The ethics of HIV transmission
Elsewhere in this issue, two papers explore different sets of ethical issues relating to HIV. Bram Wispelwey notes that there are moves in the United States to relax the current ban on organ donations from HIV-positive patients (see page 367). Soon, donations from such patients may be permitted in cases where the recipient is also HIV-positive. Wispelwey notes that this raises the issue of whether HIV-negative patients should also be allowed to receive organs from HIV-positive donors. He argues that, given the risks surrounding organ donation (and those surrounding not receiving an organ that one needs), a universal ban on HIV-positive to HIV-negative organ donation is likely unjustifiable.
Catherine Stanton considers legal and ethical issues surrounding the transmission of HIV from women to their babies (see page 375). She reflects on whether laws used to prosecute those who transmit HIV to sexual partners could be used to prosecute mother-to-baby transmission through pregnancy, childbirth, or breastfeeding. She is doubtful that such prosecutions would occur, but she argues for the importance of evaluating whether, and in what circumstances, criminalising the transmission of disease is the best way of safeguarding public health.
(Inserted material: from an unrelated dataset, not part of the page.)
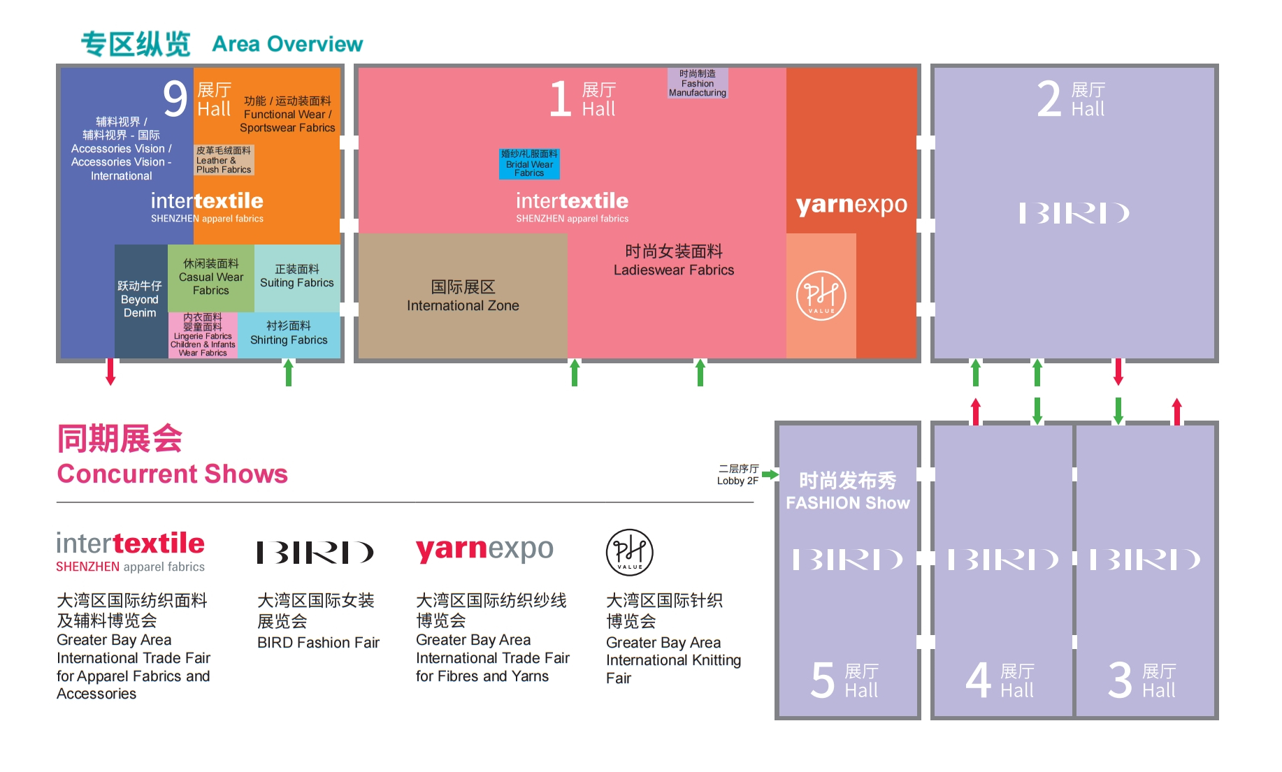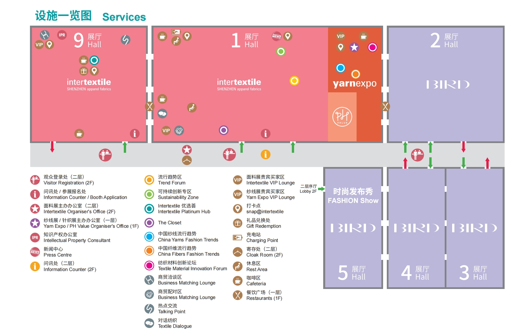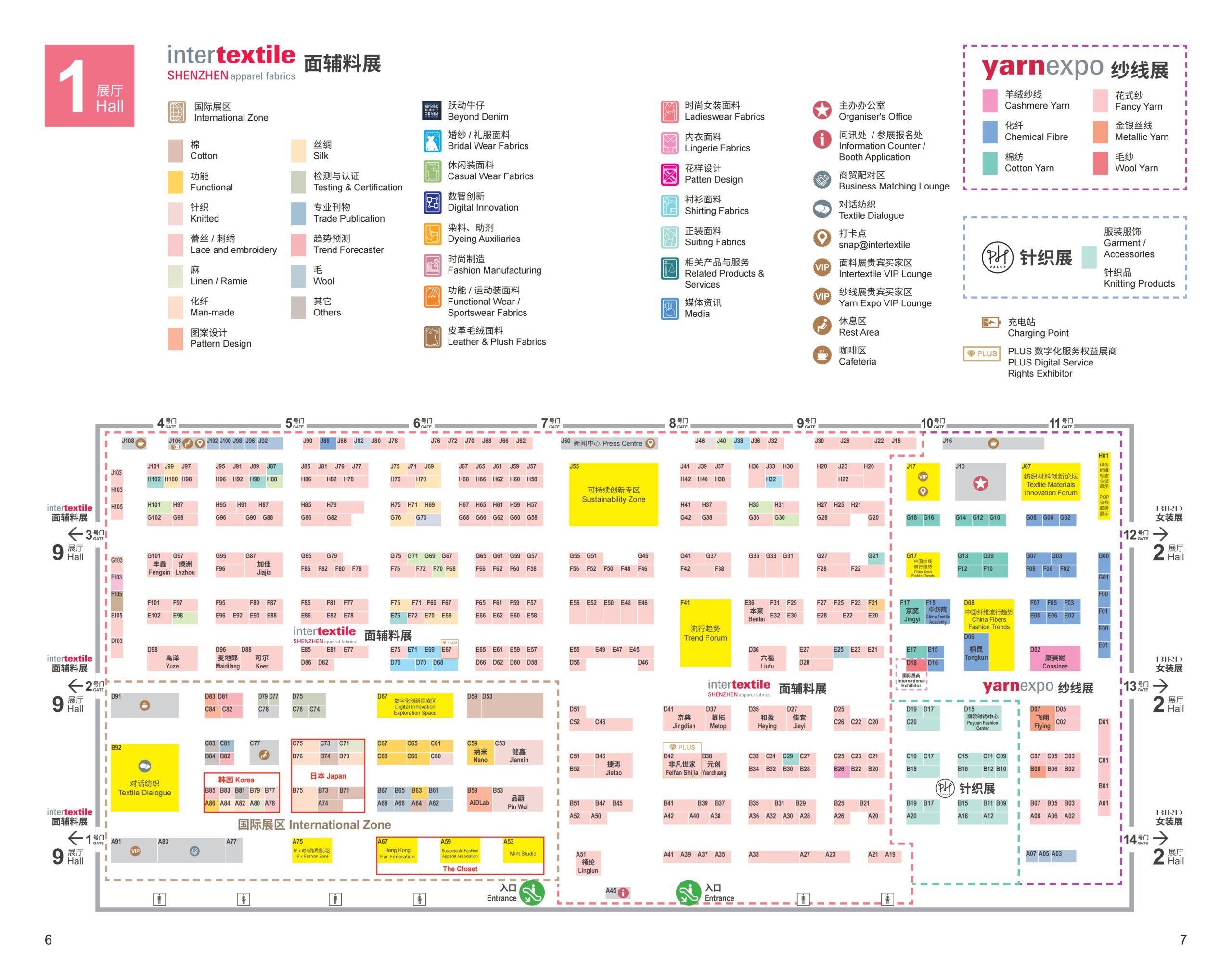 1号展厅(主要):时尚女装面料,国际展区,纱线展,针织展

Information, consent, and informed consent
Robert Torrance continues a debate, started by Charlotte Blease in an earlier issue of the Journal of Medical Ethics, about what conditions must be met in order for patients to consent to receive electroconvulsive therapy (ECT) (see page 371). Blease had argued that patients' attention should be drawn to disagreements about ECT's effectiveness and about the mechanism by which it works. In addition to contesting Blease's portrayal of research on ECT, Torrance debates the relevance of ensuring that patients understand the mechanism by which their proposed treatments are effective.
Charles Foster addresses a very different issue relating to medical information (see page 379). He considers whether we would have legal grounds to object to someone's public disclosure of her medical information in cases where this would effectively also disclose our own medical information. (The example Foster uses involves a set of identical twin celebrities, where the decision of one to publicise his genetic disease would lead the public to infer, correctly, that his twin has the same disease.) In doing so, he weighs the ‘joint account’ model of medical information—which compares the shared ownership of genetic information to the shared ownership of funds in a joint bank account—against other legal approaches to confidentiality, and speculates about how it is likely to be viewed in court.
Environmentally friendly medicine
Finally, Cristina Richie provides an overview of the emerging field of ‘green bioethics’, which is concerned with the environmental impact of the medical industry. She focuses on assisted reproductive technologies (ARTs), and argues that green bioethics has reason to be concerned about these technologies because they result in the creation of more resource-depleting, carbon-emitting humans (see page 383). Richie suggests some ways in which the ART industry could offset the environmental impact of the new humans it helps to create, and argues for their importance.